* The data
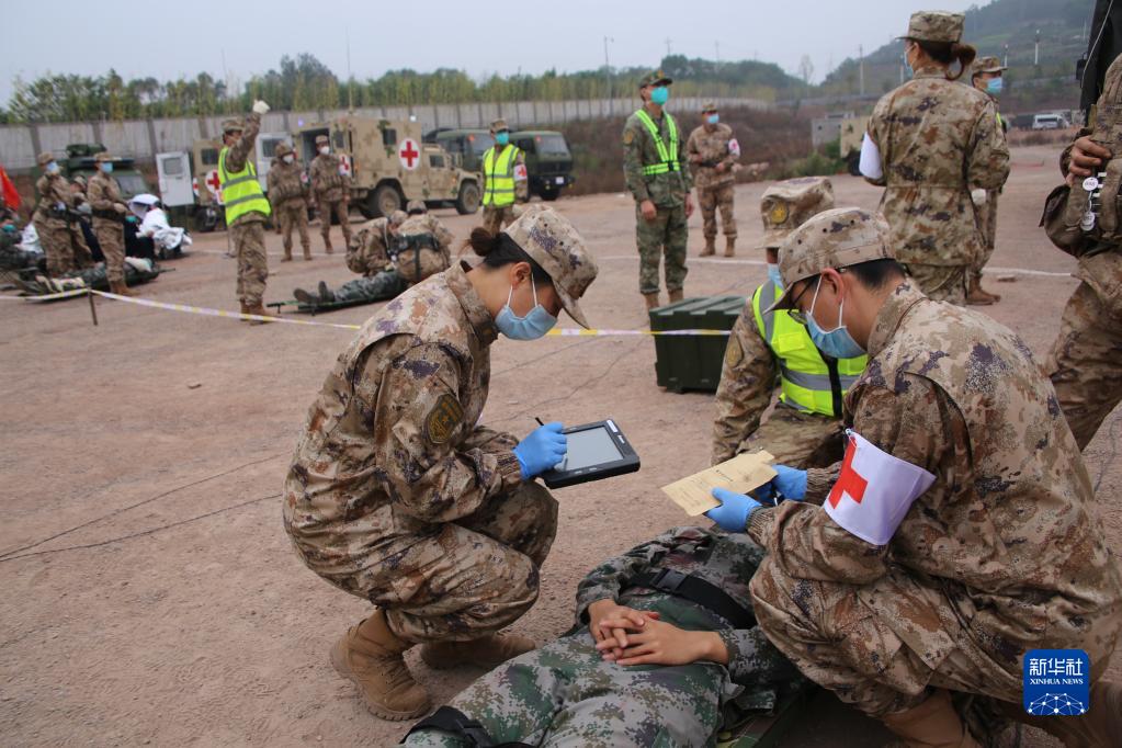 11月20日,在“衛勤力量-2022A1”基地化訓練中,野戰醫院分類(lèi)處置組對批量“傷員”進(jìn)行檢傷分類(lèi)。新華社發(fā)(張怡涵 攝)
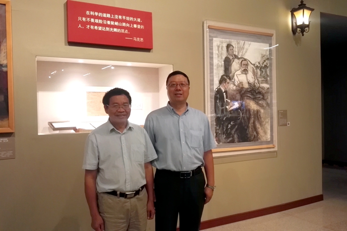在展厅中,大家凝神观看展品,热切交流感想。通过观看展览,了解了马克思的生平和马克思主义中国化的光辉历程,汲取了真理的力量,也更加深入地理解了习近平总书记在纪念马克思诞辰200周年大会上的重要讲话精神。马克思曾经说过,“在科学上没有平坦的大道,只有不畏劳苦沿着陡峭山路攀登的人,才有希望达到光辉的顶点。”这种不畏艰难险阻、为追求真理而勇攀思想高峰的精神,值得我们永远学习和敬仰!
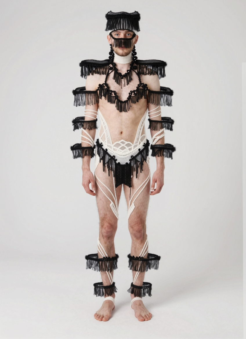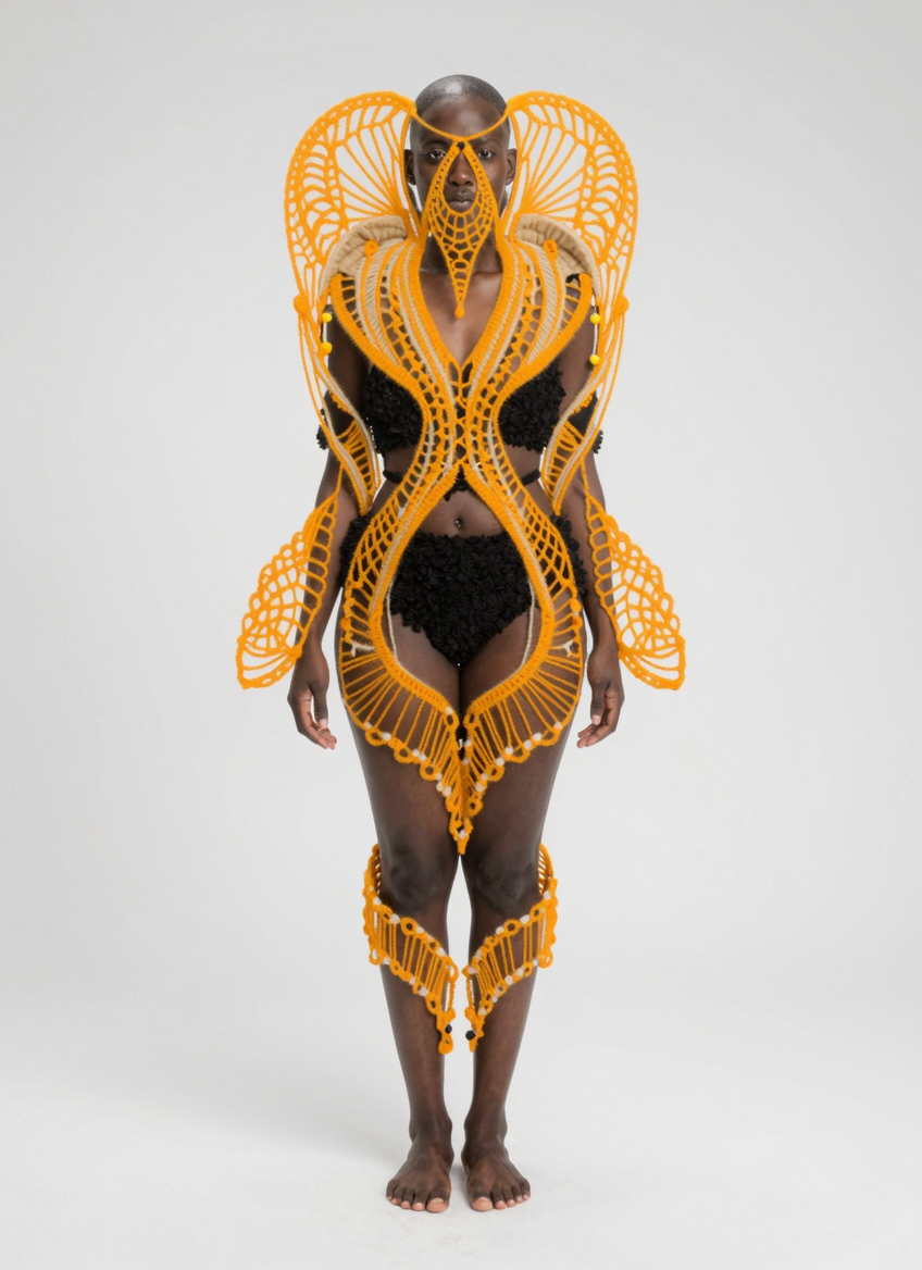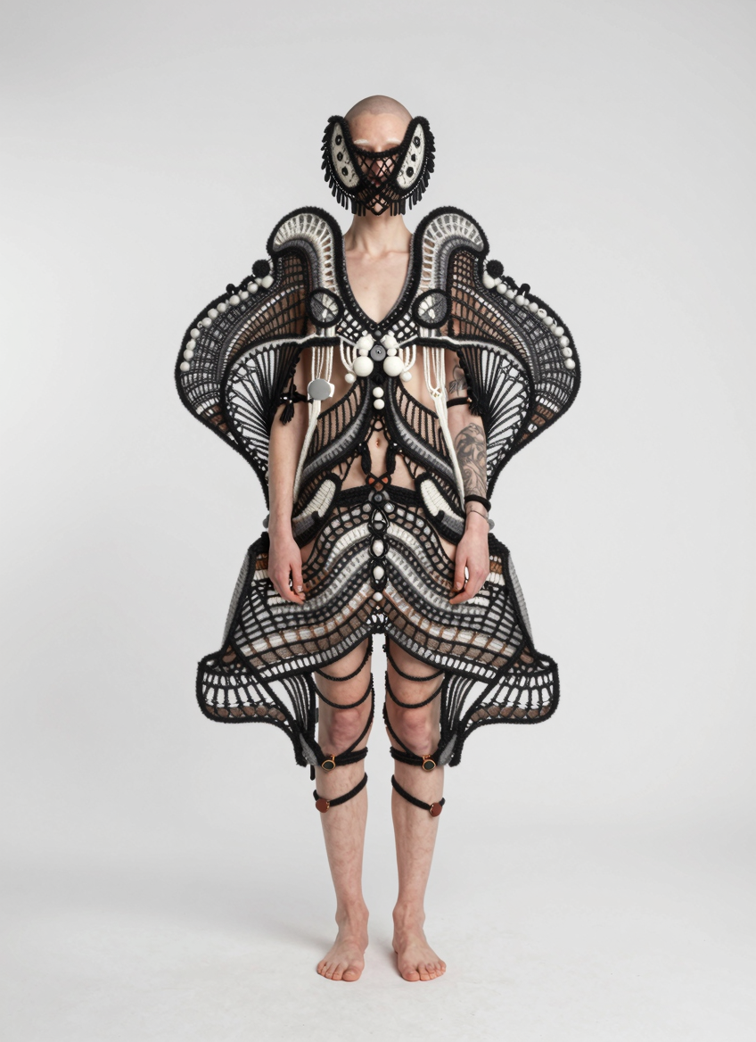 an androgyn person in an excentric costume/wearable sculpture body architecture inspired by Ernst Haeckel’s plate illustrations of bio shapes like Clathrocanium reginae or radiolara.
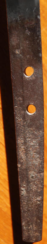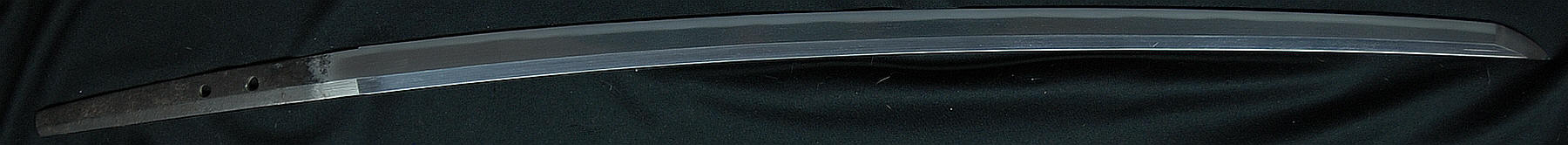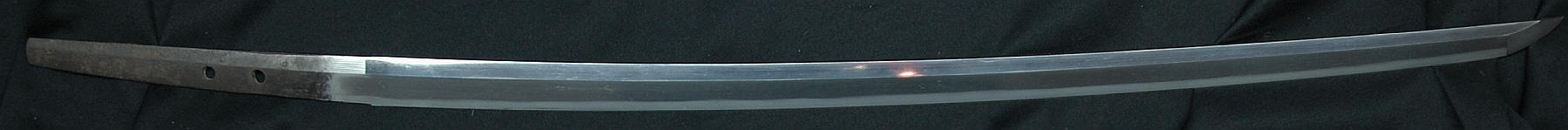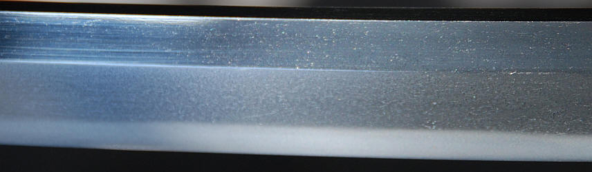 A machi okure katana, signed yonjimei Fujiwara Masahiro. Hawatare: 2 Shuku 2 sun 0 bu (66.66 cm. / 26,244"). Motohaba: 3 cm. Sakihaba: 2 cm. Kasane: 6 mm. Shinogizukure, iroi mune, koshisori, chu kisaki. Chu suguba in nie deki. bright habuchi, ha-nie, kinsuji. Hadatatsu itame ko-mokume jigane packed with jinie and chikei. The nie becomes stronger near the hamon.

* What to produce
Once the images are dropped, set down the remaining material word for word.

* Answer to this exercise
 11月20日,在“衛勤力量-2022A1”基地化訓練中,野戰醫院分類(lèi)處置組對批量“傷員”進(jìn)行檢傷分類(lèi)。新華社發(fā)(張怡涵 攝)
在展厅中,大家凝神观看展品,热切交流感想。通过观看展览,了解了马克思的生平和马克思主义中国化的光辉历程,汲取了真理的力量,也更加深入地理解了习近平总书记在纪念马克思诞辰200周年大会上的重要讲话精神。马克思曾经说过,“在科学上没有平坦的大道,只有不畏劳苦沿着陡峭山路攀登的人,才有希望达到光辉的顶点。”这种不畏艰难险阻、为追求真理而勇攀思想高峰的精神,值得我们永远学习和敬仰!
 an androgyn person in an excentric costume/wearable sculpture body architecture inspired by Ernst Haeckel’s plate illustrations of bio shapes like Clathrocanium reginae or radiolara.
 A machi okure katana, signed yonjimei Fujiwara Masahiro. Hawatare: 2 Shuku 2 sun 0 bu (66.66 cm. / 26,244"). Motohaba: 3 cm. Sakihaba: 2 cm. Kasane: 6 mm. Shinogizukure, iroi mune, koshisori, chu kisaki. Chu suguba in nie deki. bright habuchi, ha-nie, kinsuji. Hadatatsu itame ko-mokume jigane packed with jinie and chikei. The nie becomes stronger near the hamon.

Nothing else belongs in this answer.